O novo álbum também costura amizades musicais. Participam parceiros como Bial Cavalcanti, Nilo Carvalho, Françoise Soares, Kuga Borba e Francis Rosa — nomes que ajudam a compor o repertório e a estrada compartilhada pelo cantor.
Entre as canções, uma das mais afetivas é “Olhar para as Formigas”, música em homenagem à avó. A letra revisita memórias de infância no Paraná, quando o menino passava horas observando formigas cortadeiras no quintal. A lembrança simples transforma-se em poesia sobre afeto, ausência e permanência.

Marcus Cabanha, produtor musical
Se o resultado final carrega beleza, os bastidores exigiram coragem. Segundo o produtor musical Marcus Cabanha, a gravação enfrentou chuva pouco antes do início. A equipe precisou desmontar e remontar a estrutura às pressas.

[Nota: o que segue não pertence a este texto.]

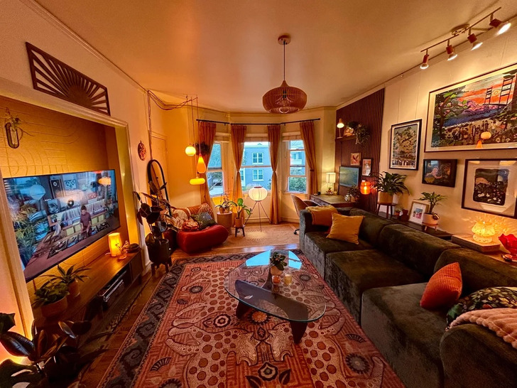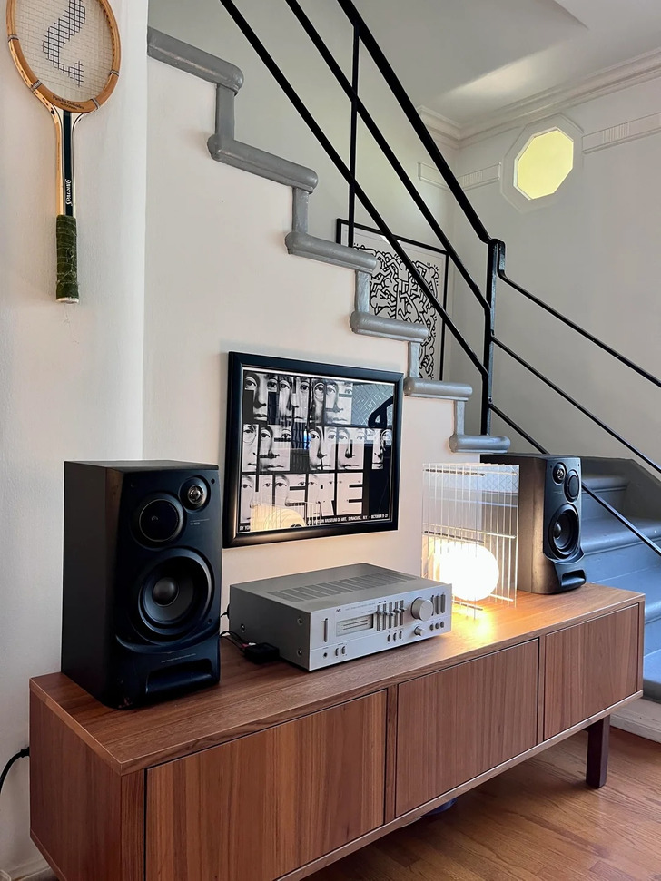«Похоже ли это пространство на мужское? Я немного переживаю из-за цветовой гаммы. Все вещи я в основном покупал б/у. Похоже, я люблю 60-е»

Mesmo sob tensão, o espetáculo aconteceu. O sol caiu atrás do palco, a noite subiu devagar e, no céu, surgiram as Três Marias — constelação que inspira o nome do projeto e simboliza direção, busca e travessia.
Disponível em plataformas digitais como YouTube, Spotify e Deezer, o trabalho reafirma Maringa Borgert como uma das vozes que seguem transformando paisagem em música.